I suspect, even though you may not be learning major scales right now, one of these (letters/numbers/steps) likely sounds easier to you right?

C


----------



## cboutilier (Jan 12, 2016)

One thing to keep in mind is that everything you learn for a song has a way of making sense somewhere else down the road.


----------



## old and tryin (Mar 27, 2019)

Cardamonfrost said:


> Not dumbed down... Different people learn differently. What is easy to you may be hard to others and vice-versa. I have had success teaching some people major scales by letters, and some by scale degree numbers. Both seldom seem to work. Sometimes either don't work and when explained via steps/half steps it becomes useful.
> 
> I suspect, even though you may not be learning major scales right now, one of these (letters/numbers/steps) likely sounds easier to you right?
> 
> C


Possible. The beginner one I'm doing is 5-8, 5-8, 5-7, 5-7....you probably know it. But is easy enough to read. Does seem to help me with 'finding' the strings and not looking.


----------



## cboutilier (Jan 12, 2016)

old and tryin said:


> Possible. The beginner one I'm doing is 5-8, 5-8, 5-7, 5-7....you probably know it. But is easy enough to read. Does seem to help me with 'finding' the strings and not looking.

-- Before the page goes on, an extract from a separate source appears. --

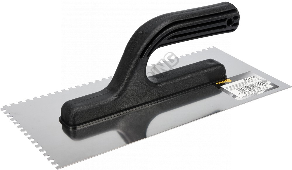 Nerezová omítací stěrka 125x270 mm se zuby 4x4 mm. Plastová rukojeť
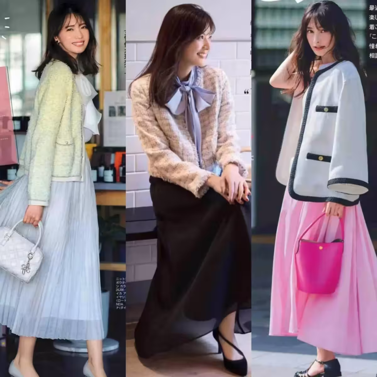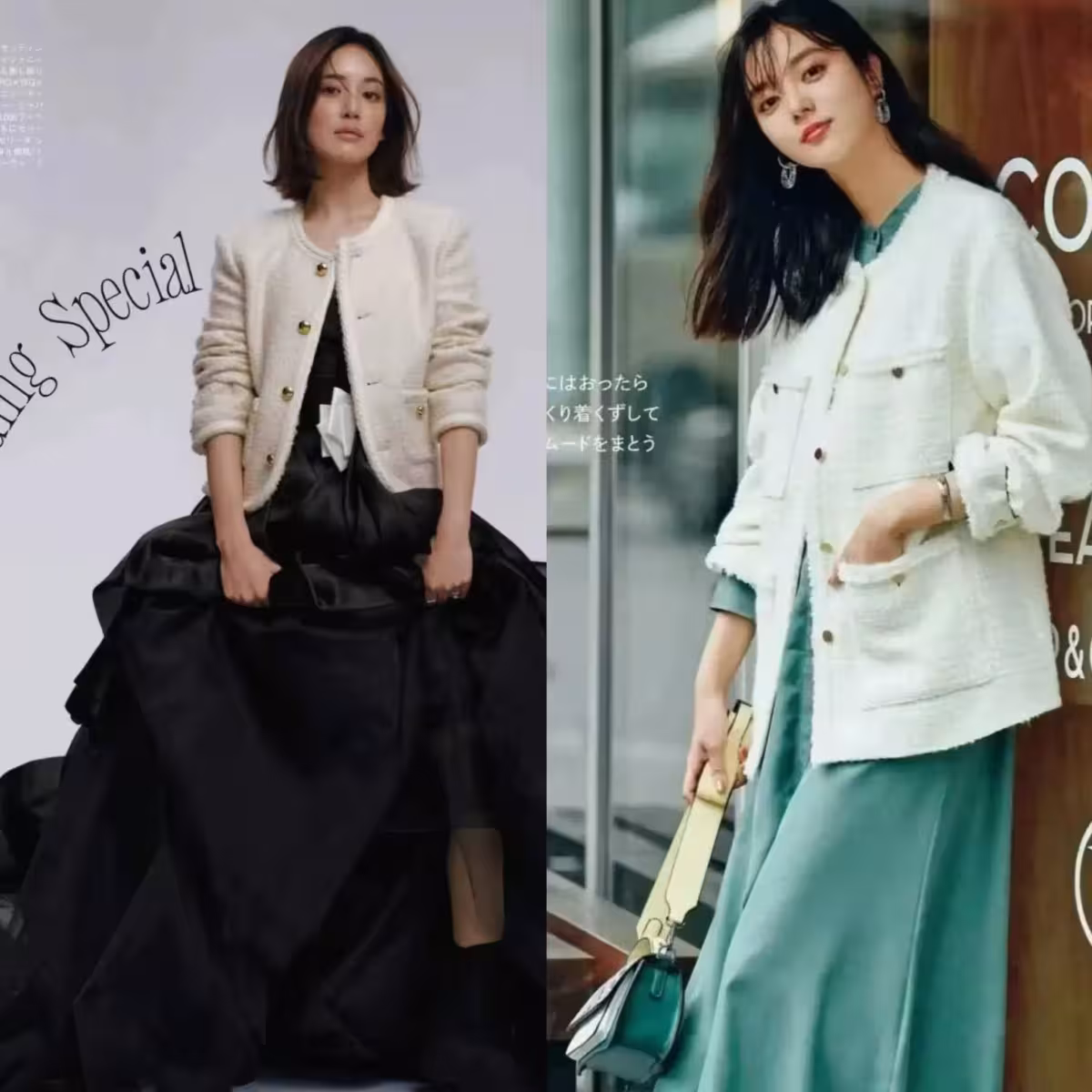 日常生活中,可以選擇一件色彩溫婉明媚的小香風外套,搭配溫柔浪漫的傘裙,帶著濃濃的書卷氣,安靜又輕盈,仿佛《故園風雨後》里走出來的牛津少女。

Sounds like the A minor pentatonic. Or C major pentatonic, which is the exact same notes . That's a great place to start.


----------



## Cardamonfrost (Dec 12, 2018)

old and tryin said:


> Possible. The beginner one I'm doing is 5-8, 5-8, 5-7, 5-7....you probably know it. But is easy enough to read. Does seem to help me with 'finding' the strings and not looking.


And that one finger per fret exercise will make it even better. Make your pinky strong and the world will be yours!!

C


----------



## old and tryin (Mar 27, 2019)

Cardamonfrost said:


> And that one finger per fret exercise will make it even better. Make your pinky strong and the world will be yours!!
> 
> C


I am struggling with the pinky part ugh.


----------



## Budda (May 29, 2007)

Just gotta keep at it.


----------



## Jim9guitars (Feb 15, 2016)

I was lucky in that I had people around me who played and I learned by watching them and trying to emulate their hand movements as they played. Now though, we have millions of youtube videos where you can do the same if you sift through and look for suitable ones. In recent years I have had several students video my strumming hand with a smart phone while I slowly demonstrate a pattern. I also encourage learning to count though. It can be a bit of a puzzle at first keeping track of all the one-and-two-ands while watching for when to strum up or down and when not to strum. Some people just aren't wired to work with that kind of thing, or they just give up because it's difficult.


----------



## old and tryin (Mar 27, 2019)

I'm definitely more of a visual learner for sure.


----------



## Guest (Mar 29, 2019)

It's actually more of a feel/hear.
Confused? Wait till 'syncopation' is brought up. lol


----------